Для меня все это было похоже на дублированный телевизионный повтор дебатов, которые мы проводили дома после кризиса на Уолл-стрит. И хотя мне было совершенно ясно, что нужно делать европейским лидерам, таким как Меркель и Саркози, я сочувствовал тому, в каком политическом переплете они оказались. В конце концов, мне было чертовски трудно убедить американских избирателей в том, что имеет смысл тратить миллиарды долларов налогоплательщиков на спасение банков и помощь незнакомым людям избежать лишения права выкупа или потери работы в нашей собственной стране. Меркель и Саркози, с другой стороны, просили убедить своих избирателей в том, что имеет смысл выручать кучку иностранцев.

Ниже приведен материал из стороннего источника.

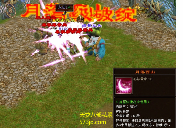 对话钱宏宇,引出第一轮的四只小怪,EM迅速离开BOSS去接近四小怪,遇到小怪不要打,直接用月落西山,
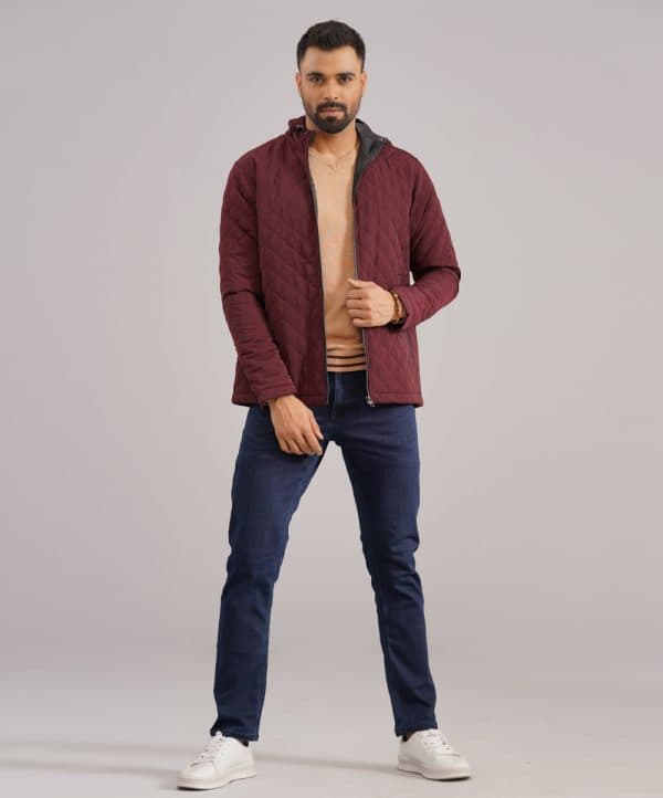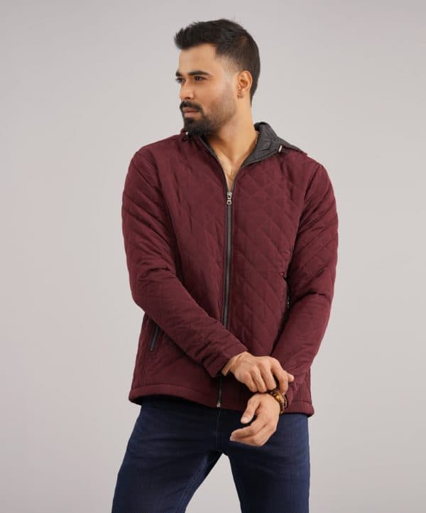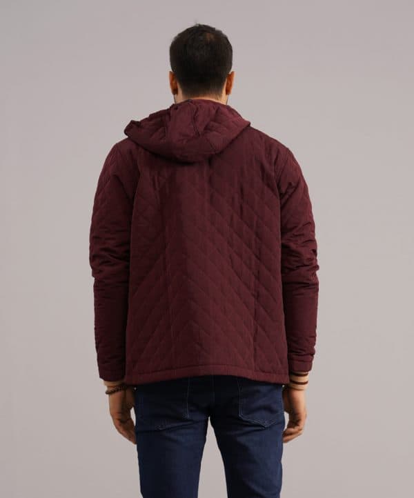 Quilted technical bonded hooded jacket. Zip opening and long sleeve
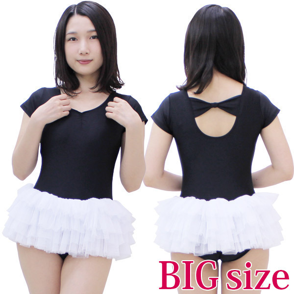 > チュールスカート付き半袖レオタード(後ろリボン) 黒×白 BIG
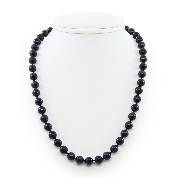 Классические короткие бусы из синего авантюрина с круглыми бусинами диаметром 8мм. Длина бус 45см.
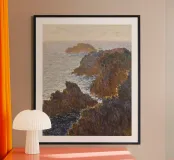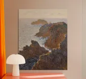 Le Rocce a Belle-Île, Port-Domois (1886) di Claude Monet cattura la drammaticità della costa bretone, dove le scogliere frastagliate incontrano il mare inquieto. Dipinta durante il suo soggiorno a Belle-Île, la tela riflette il fascino di Monet per la luce e l'atmosfera, mentre le onde si infrangono contro le scure formazioni rocciose in un cielo mutevole. Con pennellate audaci ed espressive, l'artista trasforma la cruda forza della natura in un vibrante paesaggio marino impressionista.
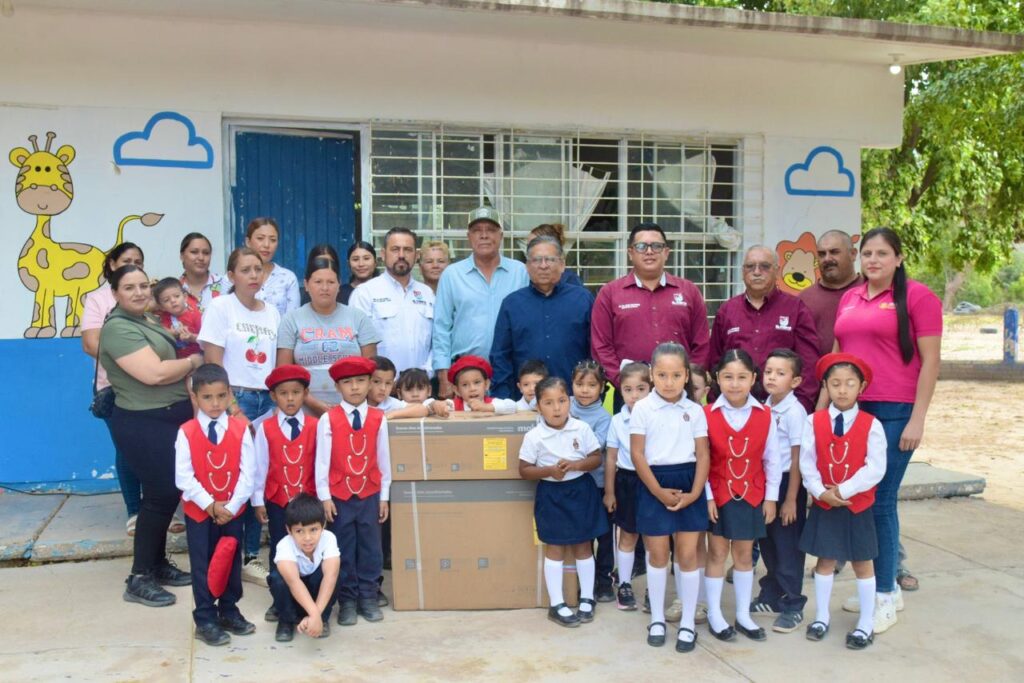 El alcalde realizó la entrega de un aire acondicionado en el jardín
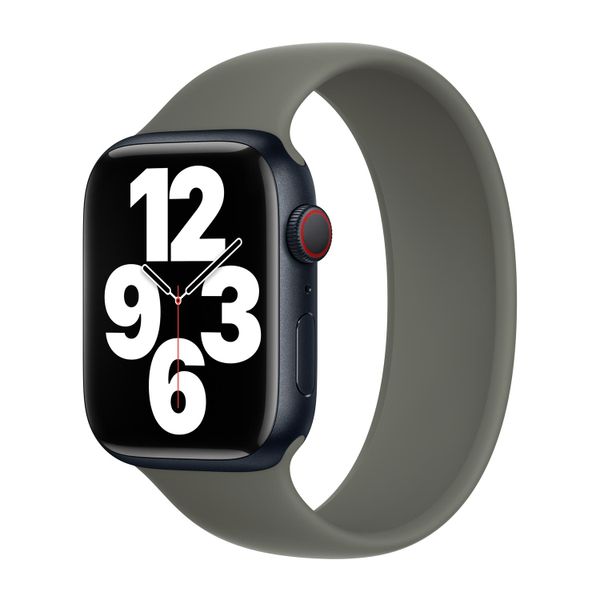 Dit solobandje van Apple is een bandje zonder gesp of sluiting. Hierdoor is het bandje rekbaar en heeft het geen overlappende delen. Het bandje is gemaakt van vloeibaar silicoonrubber, wat ervoor zorgt dat het bandje comfortabel aanvoelt. De speciale UV-behandeling zorgt ervoor dat het bandje glad aanvoelt.
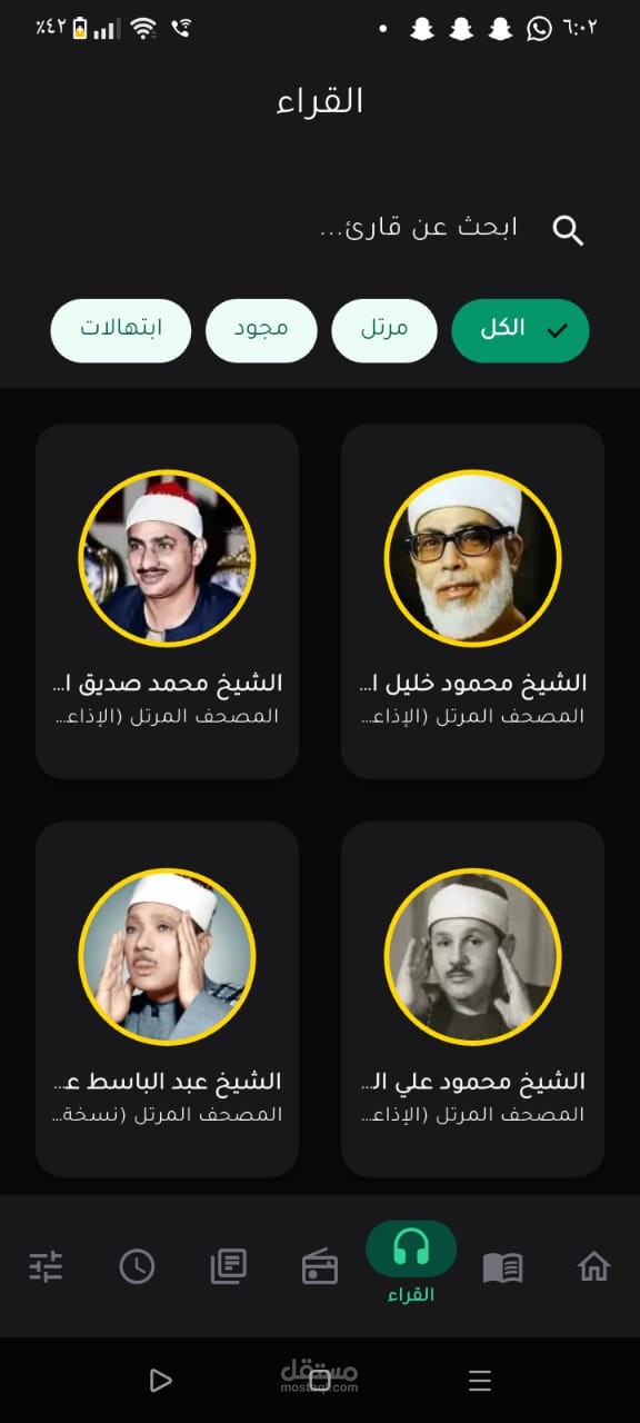 كنوز الإذاعة المصرية: المصاحف المرتلة كاملة (النسخ الأصلية) للمنشاوي، الحصري، عبد الباسط، ومصطفى إسماعيل، وغيرهم من كبار الشيوخ زي أحمد محمد عامر والشحات محمد أنور واحمد نعينع
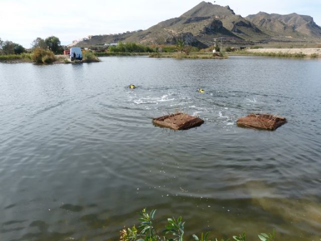Los participantes del 'Día Mundial de los Humedales' instalan unas islas flotantes artificiales en el humedal para proteger a la avifauna
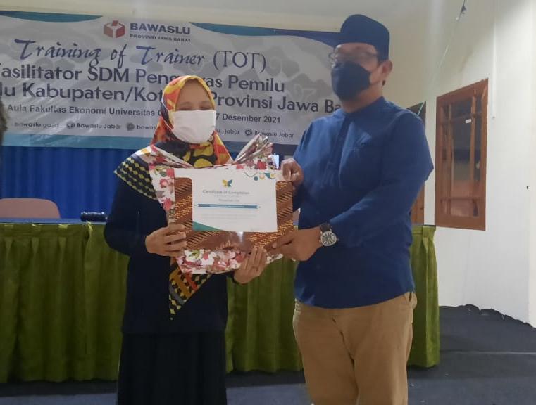 Training of Trainer (TOT) Fasilitator SDM Pengawas Pemilu Bawaslu Kabupaten/Kota se-provinsi Jawa Barat Anggota Bawaslu Sumedang Terima Penghargaan
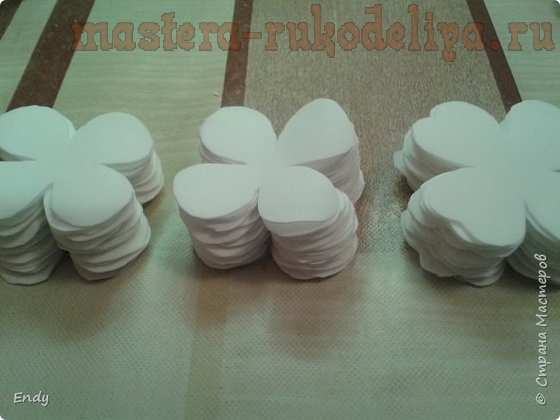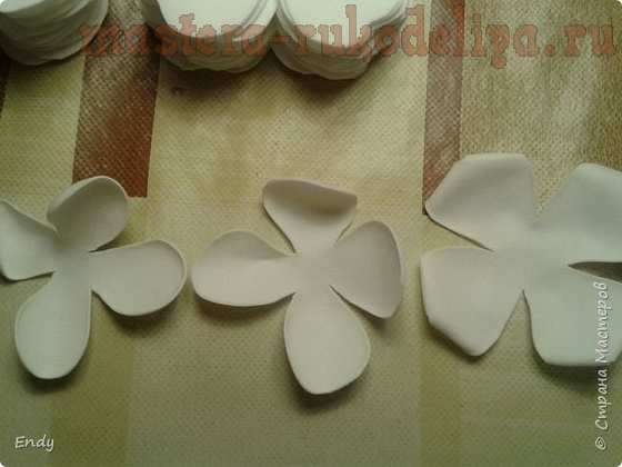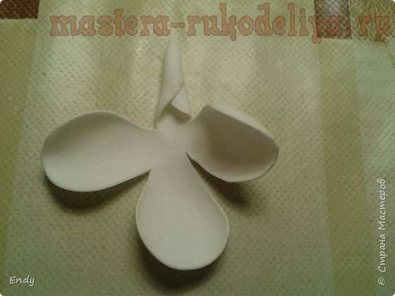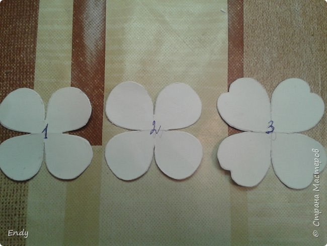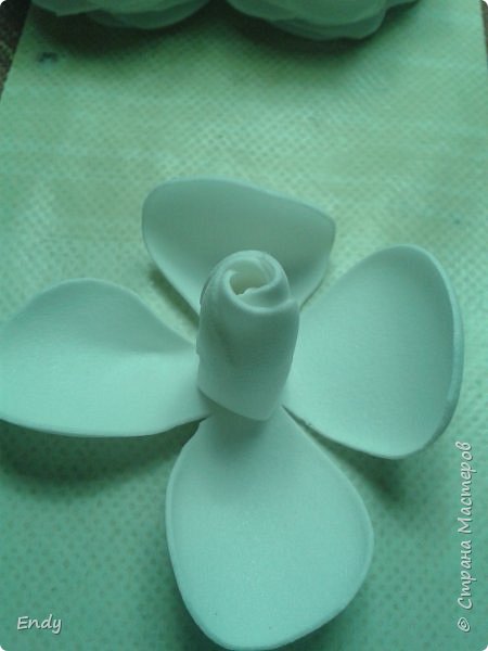У заготовки № 3 закручиваю краешки лепестков от себя. У вас должно получиться так как на фото.

Тогда я понял, что греческий долговой кризис был в равной степени геополитической проблемой, как и проблемой глобальных финансов, которая обнажила неразрешенные противоречия, лежащие в основе десятилетнего марша Европы к большей интеграции. В те головокружительные дни после падения Берлинской стены и в последующие годы методичной реструктуризации грандиозная архитектура этого проекта — общий рынок, евро, Европейский парламент и брюссельская бюрократия, наделенная полномочиями определять политику по широкому кругу вопросов регулирования — выражала оптимизм в отношении возможностей действительно единого континента, очищенного от ядовитого национализма, который подстегивал столетия кровавых конфликтов. В значительной степени эксперимент удался: В обмен на отказ от некоторых элементов своего суверенитета страны-члены Европейского союза наслаждались миром и всеобщим процветанием, возможно, не сравнимым ни с одним собранием людей в истории человечества.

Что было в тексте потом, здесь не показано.